Preclinical Study Finds Tumor Suppressor May Actually Fuel Aggressive Acute Myeloid Leukemia
A study published this week in the Journal of Clinical Investigation suggests that blocking the RUNX1 protein normally credited with suppressing leukemia may be a promising therapeutic strategy for acute myeloid leukemia.
Transcription Factor RUNX1
Researchers from Cincinnati Children's Hospital Medical Center in Cincinnati, Ohio, targeted a transcription factor known as RUNX1, which also plays an important role in helping regulate the normal development of blood cells.

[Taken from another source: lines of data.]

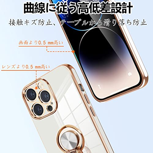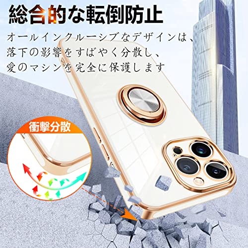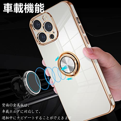 iPhone14 Pro ケース リング付き アイフォン14Pro カバー リング スマホカバー 耐衝撃 TPU 軽量 シリコン スタンド機能付き 360回転車載ホルダー 6.1インチ(クリーミーホワイト) 送料無料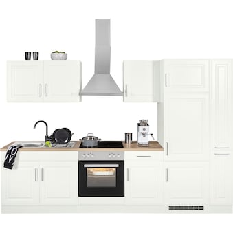 KOCHSTATION Küchenzeile »KS-Stockholm – Küche mit hochwertiger und detailreicher Landhausfront« Breite 280 cm, wahlweise mit E-Geräten,mit MDF-Fronten
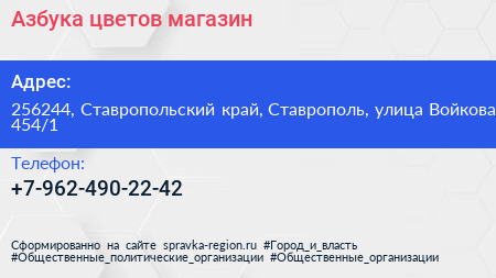 Азбука цветов, магазин по адресу 256244, Ставропольский край, Ставрополь, улица Войкова, 454/1 в дальнейшем Организация, размещена в следующих категориях: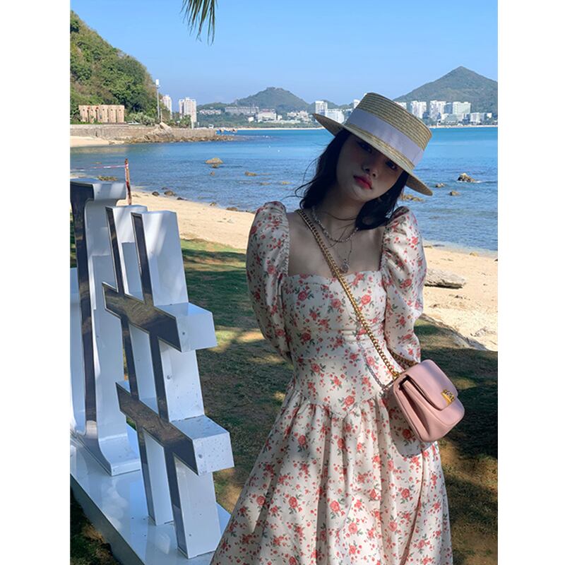 秋の新 2022 フランスの高級婦人服寒風穏やかな風レトロスクエアカラー長袖花柄ドレス ロング オータム 秋物 スクウェア yingd18631224310

The researchers were surprised to discover in their laboratory tests that RUNX1 was supporting the growth of acute myeloid leukemia fueled by fusion proteins.
"RUNX1 is generally considered a tumor suppressor in myeloid neoplasms, but our study found that inhibiting its activity rather than enhancing it could be a promising therapeutic strategy for acute myeloid leukemias driven by fusion proteins," said James Mulloy, PhD, a Researcher in the Division of Experimental Hematology and Cancer Biology at Cincinnati Children's and lead investigator.

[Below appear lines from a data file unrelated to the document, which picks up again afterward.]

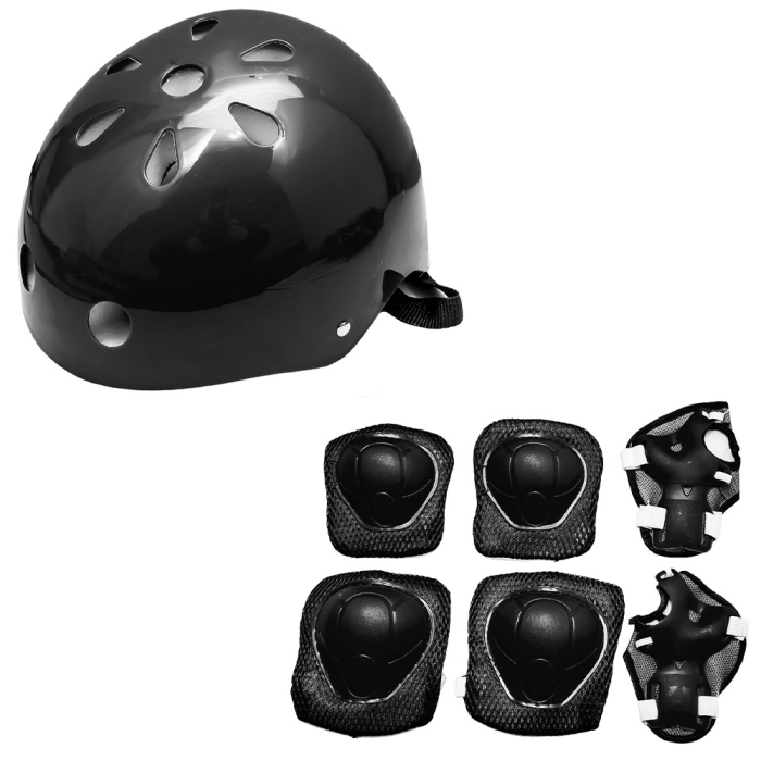 - Setul ce ofera protectie contine 1 casca, 2 cotiere, 2 genunchiere si 2 protectii pentru incheietura mainii, insotite de 1 sac din plasa.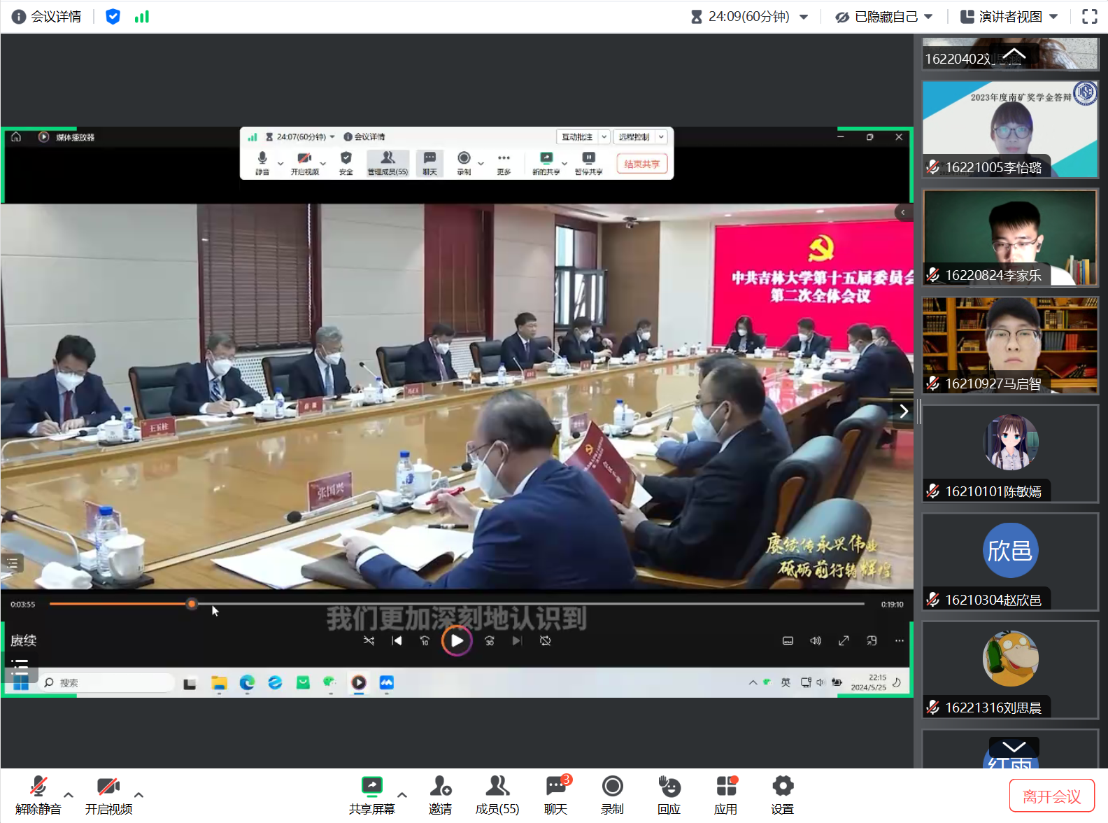 于2024年5月25日组织2024年第一期发展对象集体培训学习活动,本期发展对象培训班全体本科生学员参加。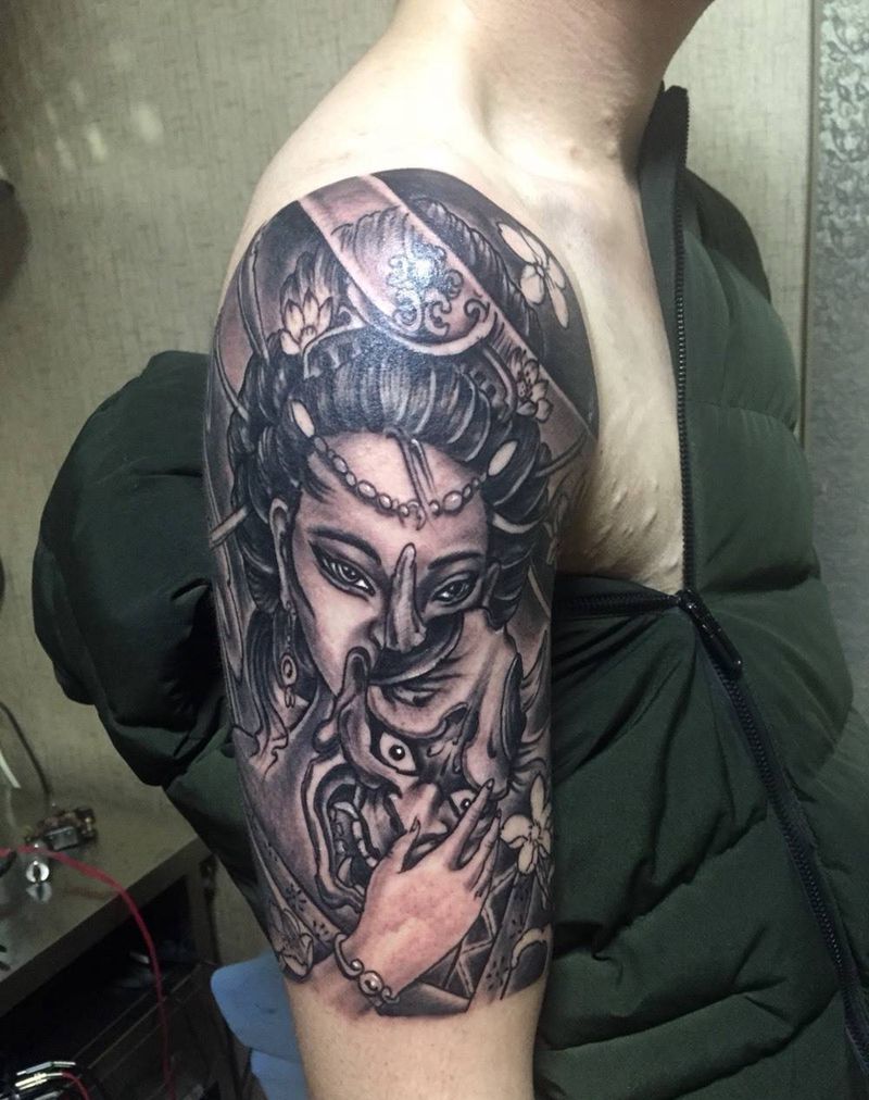 当前位置: 首页 >河北省邢台市纹身店-小黑刺青纹身专营店纹身图案>艺妓大臂!纹身图片

Acute myeloid leukemia develops and progresses rapidly, requiring prompt treatment with chemotherapy, radiation, or bone marrow transplant. These treatments can be risky or only partially effective depending on the patient as well as the variation and progression of disease. Researchers are searching for improved treatment strategies, including targeted molecular approaches that could potentially be more effective and carry fewer side effects.

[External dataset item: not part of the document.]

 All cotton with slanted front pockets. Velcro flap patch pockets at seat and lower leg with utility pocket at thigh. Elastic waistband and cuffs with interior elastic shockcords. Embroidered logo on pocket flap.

The investigators tested their finding in a genetic mouse model of acute myeloid leukemia (developed by Dr. Mulloy's laboratory) that is driven by fusion proteins and a mixed-lineage leukemic gene called MLL-AF9. The researchers genetically inhibited both RUNX1 and an associated protein called core-binding factor subunit beta (Cbfb). By doing so, the researchers were able to stop the development of leukemia cells, demonstrating the potential viability of RUNX1 as a therapeutic target.
Paul Liu, MD, PhD, at the National Cancer Institute also collaborated on the study and developed a small molecule that specifically inhibits RUNX1. Using this inhibitor, the researchers showed that the acute myeloid leukemia cells were more sensitive than normal blood cells, indicating the inhibitor may be useful in the future as a therapy for patients with acute myeloid leukemia.
The research team continues to test inhibition of RUNX1 in acute myeloid leukemias driven by fusion proteins and in other blood disorders involving RUNX1. Their goal is to see how their findings might eventually lead to potential treatment of human disease.
Funding support for the research came, in part, from the National Institutes of Health's National Center for Research Resources (1UL1RR026314-01), a U.S. Public Health Service Translational Trials Development and Support Laboratory award (MO1RR08084), CancerFreeKids Foundation for Cancer Research, the Intramural Research Program of the National Human Genome Research Institute, NIH (HG000030-18), a Cincinnati Children's Clinical and Translational Science Award and the Leukemia and Lymphoma Society.
The content in this post has not been reviewed by the American Society of Clinical Oncology, Inc. (ASCO®) and does not necessarily reflect the ideas and opinions of ASCO®.